RuntimeError: Expected target size [2, 30000], got [2]

I know this has been asked before: ValueError: Expected target size (32, 7), got torch.Size([32]) but this didn’t solve my problem.

when calling “torch.nn.CrossEntropyLoss()”.
I get “RuntimeError: Expected target size [2, 30000], got [2]”

I saw in that post a comment where it’s explained that : " nn.CrossEntrolyLoss expects a model output in the shape [batch_size, nb_classes, *additional_dims] and a target in the shape [batch_size, *additional_dims]". If that’s the case, I’m not sure why my targets/labels dimensions are only the batch size which is [2].

This is the model, I have 26 output classes:

from transformers import AutoTokenizer, AutoModelForMaskedLM
model = AutoModelForMaskedLM.from_pretrained("asafaya/albert-base-arabic")
hidden_size = model.config.hidden_size
model.classifier = torch.nn.Linear(in_features=hidden_size, out_features=26)
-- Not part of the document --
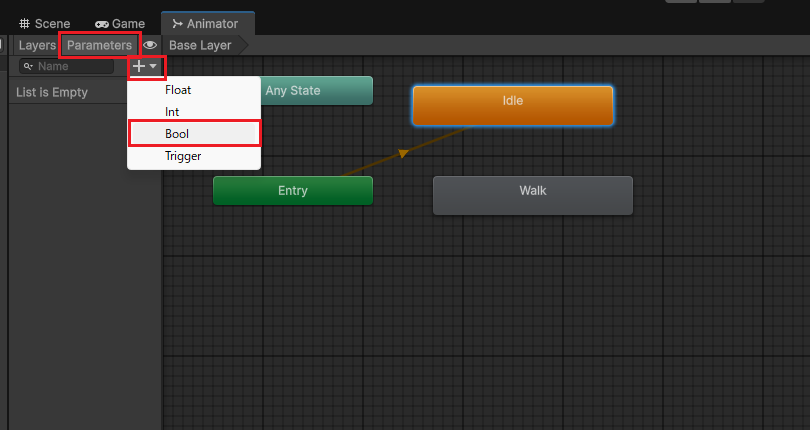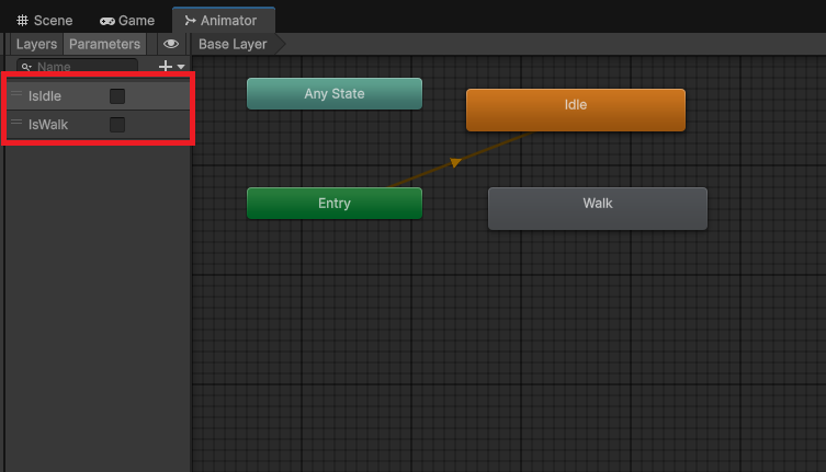 ここでは、最初はIdleのアニメーションに自動遷移させた後に、IdleからWalkに手動で遷移させるパラメーターとして「IsWalk」、またWalkからIdleに遷移させるパラメーターとして「IsIdle」という2つのbool型のパラメーターを作成していきます。

I get the error while training, when calling CrossEntropyLoss:

model.to(device)
# Set the model to train mode
model.train()

#46416/64 = 725.66
#num_training_steps set to 725 * 50 = 36283
#num_warmup_steps 36283 * 0.1 = 3628
num_warmup_steps = 3628
num_training_steps = 36283
num_epochs = 50
# Define the optimizer and the scheduler
optimizer = AdamW(model.parameters(), lr=0.001)
scheduler = get_linear_schedule_with_warmup(optimizer, num_warmup_steps=num_warmup_steps, num_training_steps=num_training_steps)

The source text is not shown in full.